In the last decade of the 20th century, clinical investigators were finding high rates of recurrence in the newer studies of pharmacotherapy alone
(1) and began to explore the potential benefits of adding a psychoeducational or psychotherapeutic intervention to pharmacotherapy in the prevention of bipolar recurrence. The assumption was that, if nothing else, psychotherapy might improve the generally poor adherence to pharmacotherapy observed in this patient population. The hope was, however, that a psychotherapeutic approach might have benefits, including enhancing social and occupational functioning, enhancing capacity to manage stressors in the social/occupational milieu, enhancing the protective effects of family and other social supports, decreasing denial and disorder-associated trauma, and encouraging acceptance of the disorder.
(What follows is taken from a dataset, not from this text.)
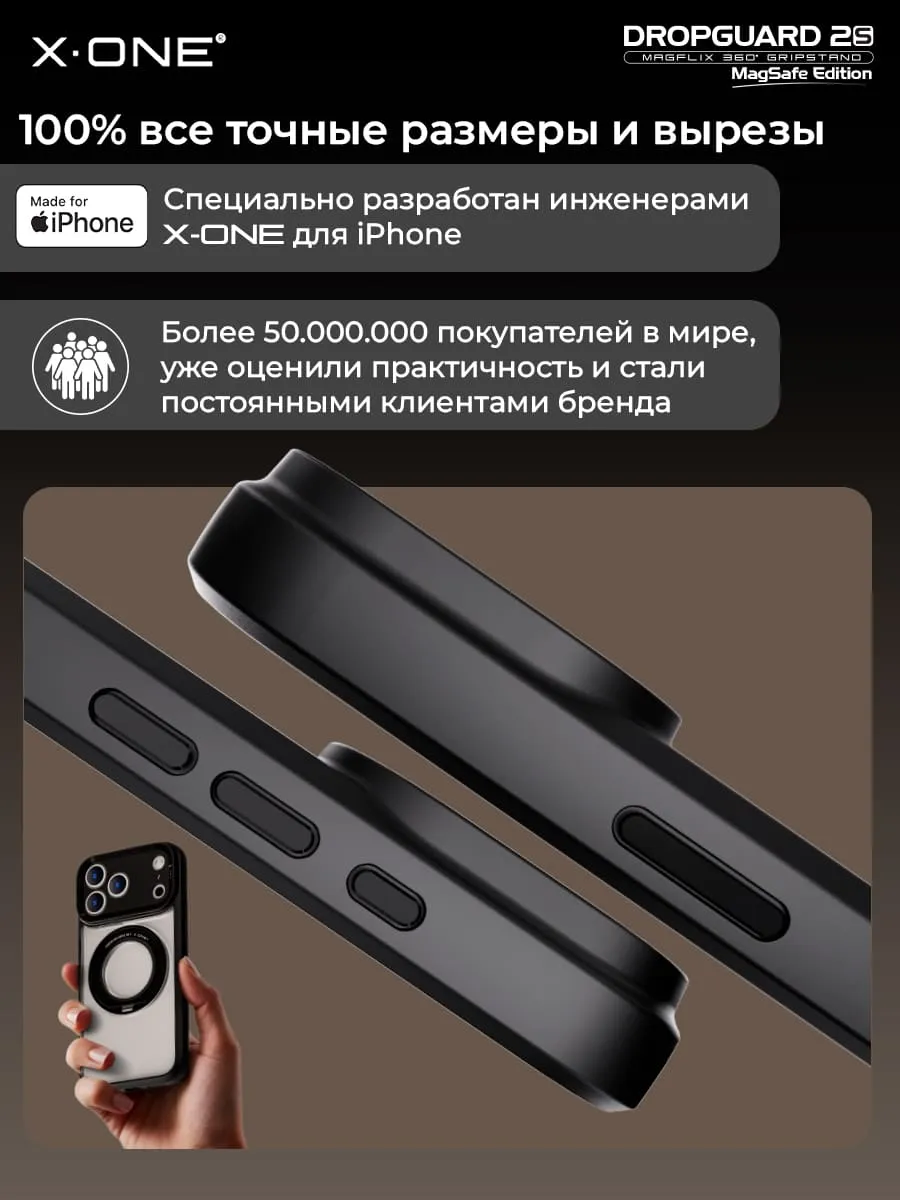 Противоударный чехол X-ONE DropGuard 2S с прозрачной задней панелью, черным матовым Soft-Touch бампером, дизайнерский магнит MagSafe с поворотом в 360° используемый для беспроводной зарядки + как подставка телефона, в комплекте карбоновый стикер для установки на заднюю панель по усмотрению.

Data from controlled clinical trials now exist supporting individual psychoeducation
(16), group psychoeducation
(17), several variants of cognitive therapy
(18 –
20), family-focused treatment
(21,
22), and an adaptation of interpersonal psychotherapy
(15,
23) as adjuncts to pharmacotherapy in the prevention of recurrence. The psychoeducational approaches tend to emphasize education about the disorder itself and about the treatments used to manage it along with a strong focus on the recognition of early warning signs of impending episodes and the development of an action plan when these early warning signs are present. The cognitive approaches have tended to adhere fairly closely to Beck et al.’s model
(24) in the treatment and prevention of depressive episodes, with additional components to address the cognitive distortions associated with mania and hypomania and negative cognitions related to “dependence” on medication. The family-focused approach of Miklowitz and Goldstein
(25) grew out of data indicating the negative impact of a family environment characterized by criticism and emotional overinvolvement in provoking bipolar recurrences. The treatment, therefore, emphasizes education of all family members regarding the disorder and training in positive and productive communication.
Our own research group, with its strong interest in the relationship of the circadian system to mood disorders, developed an intervention aimed at prevention of recurrence that we called interpersonal and social rhythm therapy
(23) . Our idea was that a behavioral approach aimed at increasing the regularity of patients’ daily routines, and especially their sleep/wake cycles, could shore up what we viewed as their vulnerable circadian systems. In the behavioral component of this intervention we first assess, using a self-report charting device called the Social Rhythm Metric, the extent to which a patient’s routines vary in their timing from day to day (see
Figure 2 ). We put particular emphasis on the timing of going to bed, rising, work, meals, and social contact. Then, again using the Social Rhythm Metric as a guide, we work with the patient to help him or her to make those routines more regular in their timing. Using behavioral strategies such as chain analysis and successive approximation, we seek to have the timing of those key activities vary by no more than an hour. We also search the “landscape” of the patient’s life for potential triggers to rhythm disruption, such as having house guests or taking a vacation. We then problem-solve with the patient about how to maintain the maximum regularity of routine possible in the face of such disruptions. By weaving this approach together with work on the four problem areas (grief, role transitions, role disputes, and interpersonal deficits) specified in interpersonal psychotherapy as developed for unipolar disorder by Klerman and colleagues
(26), we hoped to protect the vulnerable circadian systems of individuals with bipolar disorder, improve their acceptance of the illness, decrease interpersonal and social role distress, and improve social role functioning. In a controlled trial of 175 patients with bipolar I disorder, we have now shown that acute treatment with interpersonal and social rhythm therapy is associated with significantly reduced risk of recurrence of both depression and mania over a subsequent 2-year period
(23) . Furthermore, we found that the protective effect of the treatment was directly related to the extent to which patients increased the regularity of their social rhythms.